What to produce: The following entries are to be repeated exactly, and the pictures are to be left behind.

Given records:
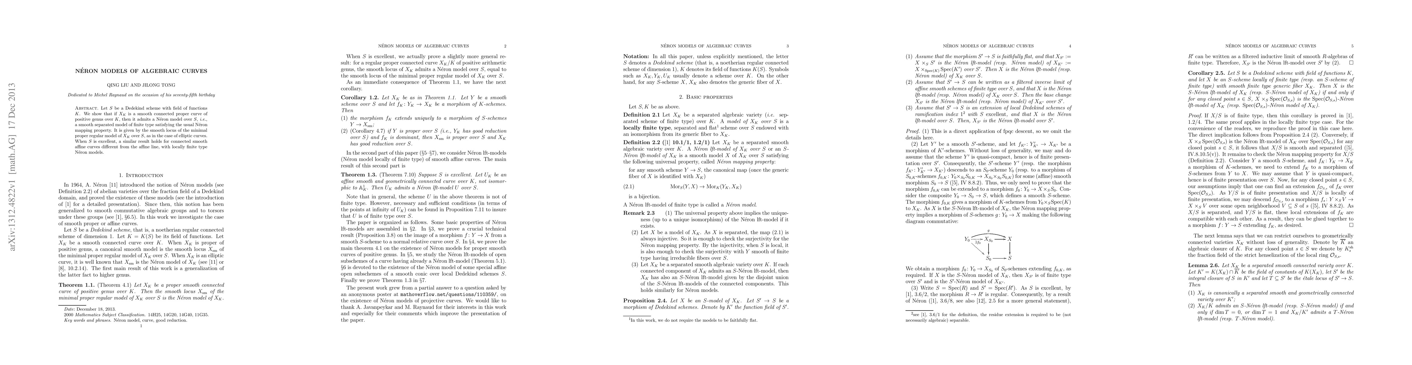 This paper demonstrates the existence of Néron models for smooth connected proper curves of positive genus over a Dedekind scheme, establishing that these models arise from the smooth locus of the minimal proper regular model. The result extends to connected smooth affine curves over excellent schemes, yielding locally finite type Néron models.
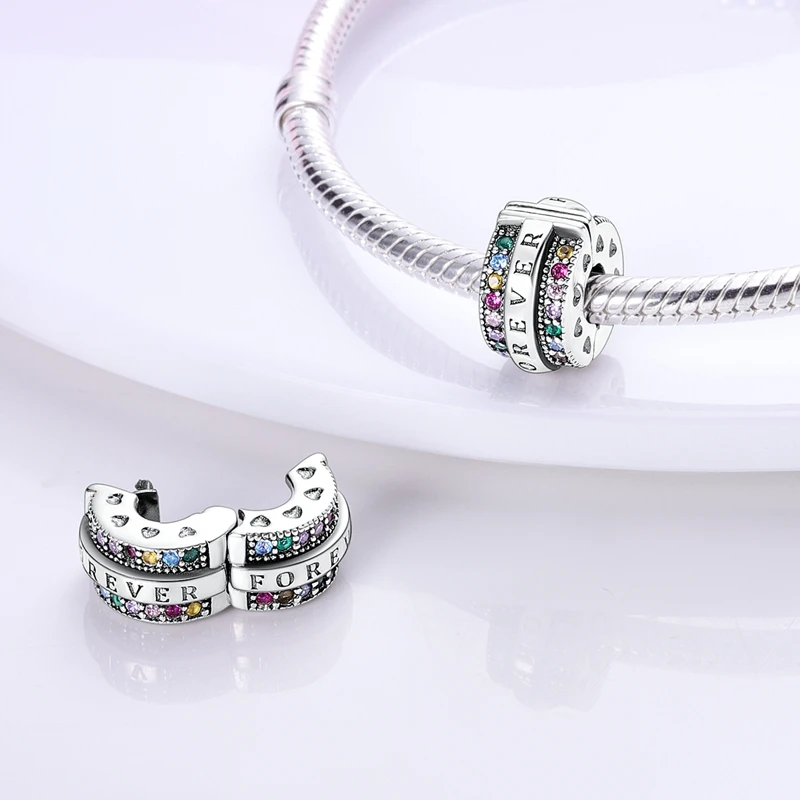 View New CollectionЗавинаги блестящ е символ на вечната любов, приятелство и радост от живота. Изработен от сребро 925, той е украсен с искрящи разноцветни кристали, подредени в нежни линии, които създават великолепна игра на светлината. Гравираният надпис „FOREVER“ придава дълбок смисъл и лично послание на този изискан аксесоар.
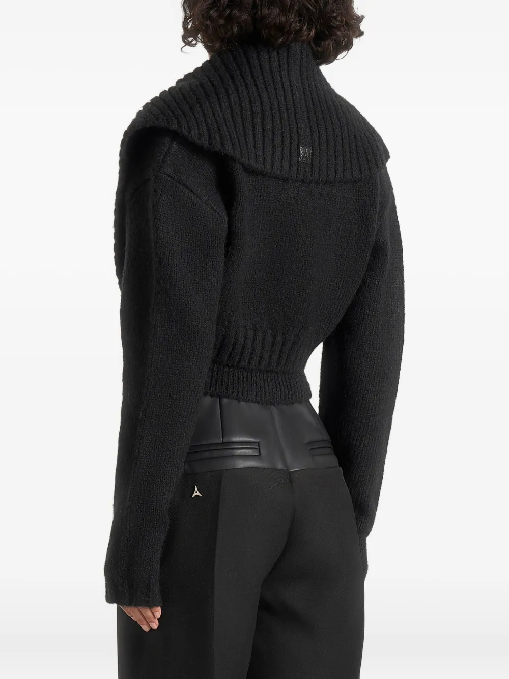 Manière De Voir Emya black knit-shrug cardigan set (set of two) Imported Highlights black knit construction bandeau top shawl overlay detachable elements tonal patch Composition Acrylic 51%, Polyester 19%, Nylon 19%, Wool 10%, Elastane 1% Washing instructions Read Manufacturer Guidelines Product IDs FARFETCH ID: 32280825 Brand style ID: WMN4335
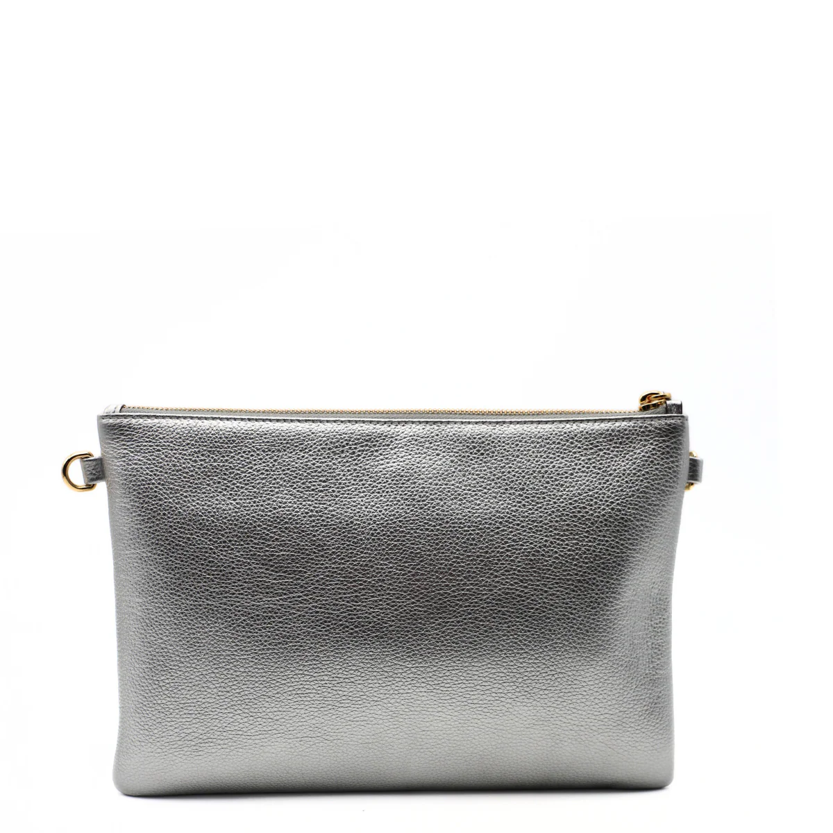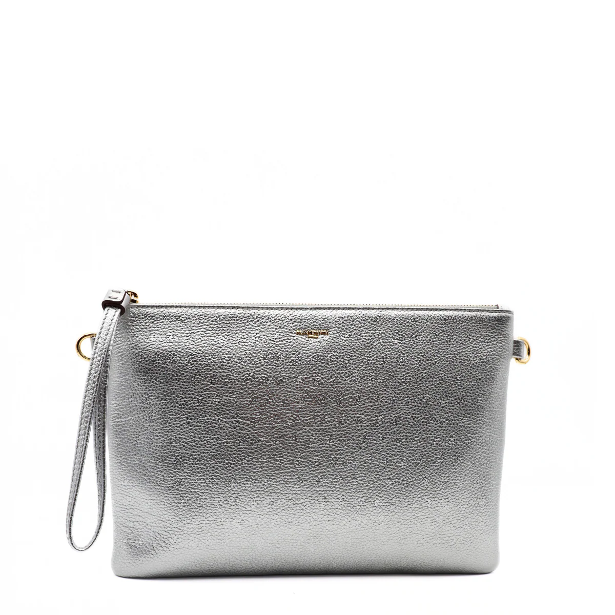 Bustina portatutto di NANNINI realizzata in pelle bottalata laminata argento con logo oro. Unico comparto interno con tasche accessorie. Chiusura con zip. Tracolla removibile in dotazione.
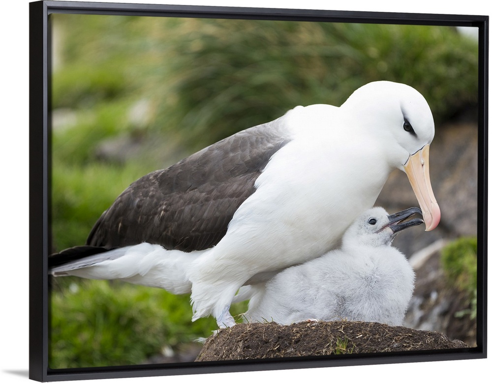 <p>Adult black-browed albatross feeding chick on tower-shaped nest, Falkland Islands.</p>

Answer space:
 This paper demonstrates the existence of Néron models for smooth connected proper curves of positive genus over a Dedekind scheme, establishing that these models arise from the smooth locus of the minimal proper regular model. The result extends to connected smooth affine curves over excellent schemes, yielding locally finite type Néron models.
 View New CollectionЗавинаги блестящ е символ на вечната любов, приятелство и радост от живота. Изработен от сребро 925, той е украсен с искрящи разноцветни кристали, подредени в нежни линии, които създават великолепна игра на светлината. Гравираният надпис „FOREVER“ придава дълбок смисъл и лично послание на този изискан аксесоар.
 Manière De Voir Emya black knit-shrug cardigan set (set of two) Imported Highlights black knit construction bandeau top shawl overlay detachable elements tonal patch Composition Acrylic 51%, Polyester 19%, Nylon 19%, Wool 10%, Elastane 1% Washing instructions Read Manufacturer Guidelines Product IDs FARFETCH ID: 32280825 Brand style ID: WMN4335
 Bustina portatutto di NANNINI realizzata in pelle bottalata laminata argento con logo oro. Unico comparto interno con tasche accessorie. Chiusura con zip. Tracolla removibile in dotazione.
 <p>Adult black-browed albatross feeding chick on tower-shaped nest, Falkland Islands.</p>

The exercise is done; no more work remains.